I suppose I could have felt like a lower-league football fan on a drizzly winter Saturday afternoon after their local lads ground out a 0-0 'result' - but it had been more fun that that ( and warmer and dryer!). It had been quite a tense game, both sides had advantages and disadvantages : the British had slightly more powerful units with better morale, but less of them, while the Americans had the numbers, with their regulars almost as good as the British in combat power, and their militia able to use the wooded terrain for skirnishing  to good effect,  but a big problem with ammuntion shortages weakening their attacks and the persistent fog delaying them significantly. I felt that if the dice had decreed the fog  lifted at 08:00 instead of 11:00, things could have been very different - and it could have gone either way!  Both sides seemed equally incapable fo 'rolling high' at the moment of crucial attacks, and this led to a lot of  'retreat' combat outcomes with few actual losses, hence the inability of either side to actually eliminate enemy units!  Perhaps that  somehow ties in with the fogginess of the day - were both sides troops a bit disheartened by all that stumbling around in the fog, and not inclined to press their attacks with vigour? Sometimes the dice gods tell a story..  

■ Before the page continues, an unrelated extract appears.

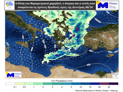- Στους σχετικούς χάρτες παρουσιάζεται η θέση του βαρομετρικού χαμηλού, ο άνεμος κοντά στο έδαφος και ο υετός που αναμένεται (1) το πρωί, (2) το μεσημέρι και (3) τις πρώτες βραδινές ώρες της Δευτέρας 06/10
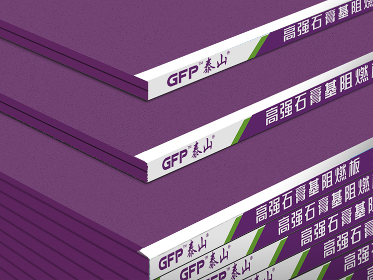 GFP®泰山®高强石膏基阻燃板是公司研发的新型石膏基高性能纤维板,通过独创胶凝硬板技术,高强护面纸、高强石膏与高强纤维增强材料完美融合,产品密实度高,具有强度高、握钉力强、耐火稳定性好、隔音效果显著、防变形抗冲击等优点,是衬板的理想板材。

Overall, I liked the game, and will give it another go : I liked very manageable size ( larger board games seem to me sometines rather long-winded to set up and play, alas! ),  the fairly simple rules and mechanisms, though there were a few questions arising, perhaps inevitable with simple rules and with lots of scenario-specific rules sometines 'countermanding' the basic rule set (the British 'Queens Rangers' cavalry unit was a challenge - moving fast, it was able to range far behind enemy lines, but I could never quite see how it would be able to actually use its 'charge' ability - it ended up just 'lurking' ineffectually, as you may see in the pictures ).  It's an interesting scenario, and I know other bloggers have used it - for example Norm at Battlefields and Warriors, who ran a splendid PBEM mini-campaign game, which I now need to go and read myself, to see how I probably should have played it(!).   I think the game would also suit another one of  Norm's excellent concepts, that of taking part of the action from a board game battle and playing it out as a small-to-medium game with figures on the tabletop. I don't currently have 'AWI' armies available, but perhaps it might translate to somewhere in central Europe, c. 1760 - Prussians replacing the British holding the town, Austrians (with plenty of Grenzers )  looming through the fog?  

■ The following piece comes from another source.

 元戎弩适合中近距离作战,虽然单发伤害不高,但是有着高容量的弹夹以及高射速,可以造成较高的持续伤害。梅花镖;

Right, I'm off to read Norm's account of his version of Germantown.. Back to the actual toy soldiers next time, I hope - maybe even a bit of painting? Its about time! Meanwhile keep well, everyone.

Saturday, 11 March 2023

Diversionary Tactics

 David Crook recently posted on his excellent A Wargaming Odyssey blog,  about his list of current projects, to which my response was I suspect that often just after such a list is written, something completely different pops up and overtakes all the things one has carefully listed!  And so it proves.  I have been trying to concentrate my somewhat inadequate hobby efforts on Eighteenth Century,  WW2 in Italy, and Thirty Years' War periods - plenty of reading, organising, painting and gaming to be getting on with on each of them, and not enough actually being done.  But then the other morning I strolled into an Oxfam charity bookshop, made a habitual scan of the Military History shelf, and spotted this: 


Blimey, that's a little specialised for a charity shop! Phil Barker and Ian Heath's Armies and Enemies of Imperial Rome, 4th Edition ( 1981 ).  In pretty  good condition, and fairly priced, I thought  - I couldn't leave it there, could I?  Indeed not - money changed hands and I took the book home.  It joins a small collection of books acquired fairly recently, on an 'Ancients' theme, because I've been having certain thoughts..

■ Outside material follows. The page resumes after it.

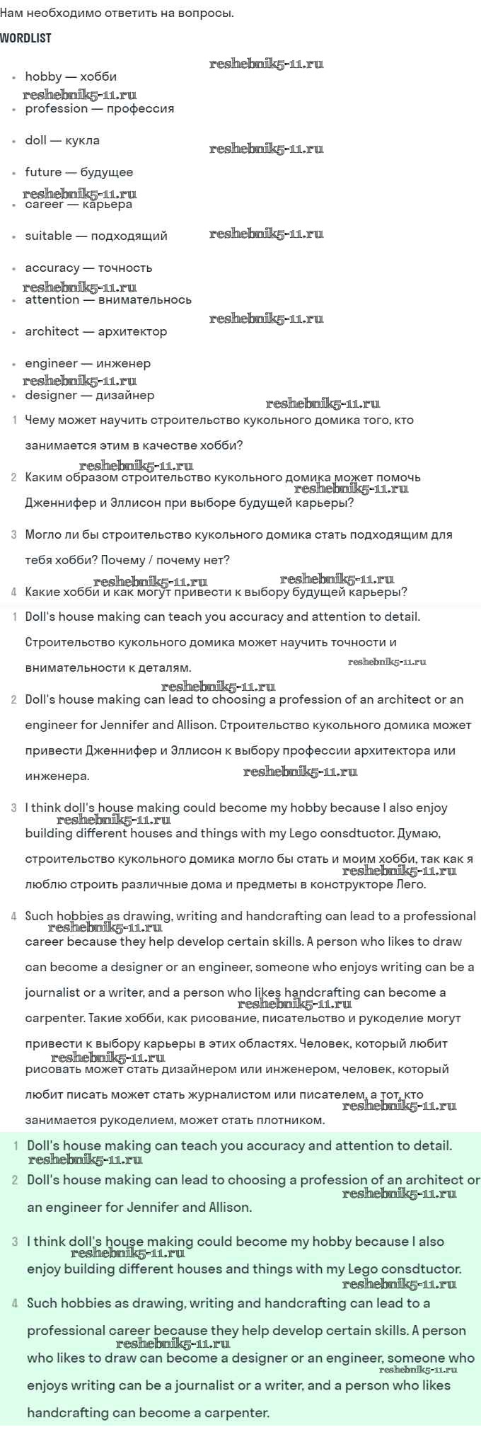 Готовая домашняя работа с ответами по Английскому языку за 8 класс Афанасьева, Михеева Учебник Углубленный уровень Просвещение 2014 ФГОС - Unit 1. Choosing a Career: the World of Jobs 66

Charity shops started it, really, because I found a couple of vintage volumes by Peter Connolly : The Greek Armies ( 1977) and Greece and Rome at War ( 1981/2012 ). 


The former covers the period from the Trojan War  to Alexander The Great, and is actually a children's educational book, but none the worse for that - the writing style is clear and simple, but not in the least patronising.  Both volumes have plentiful and rather lovely illustrations. I've always had a hankering to investigate the Ancient Greek world - and the second book adds an account of Rome, up to 450AD. So, I think I've got a good set of introductory texts to work with. 


If this is going to lead to any gaming, then rules will be needed, and I have some options there too. Sometime in 1990 or soon after, I spent the princely sum of £2  at Leisure Games in Finchley for a copy of the latest thing in Ancient Wargaming - the first edition of  De Bellis Antiquitatis,  known to us all as DBA. For whatever reason, I never actually played it, but I kept the booklet - 'it might be useful one day'. More recently, what with certain ideas being mulled over and various special offers coming up, I have also picked up  Graham Evans/Trebian's Spartans and Successors, which are billed as Simple Tabletop Wargames Rules for the Classical Ancient Period in the Golden Age of Greece and Macedon. 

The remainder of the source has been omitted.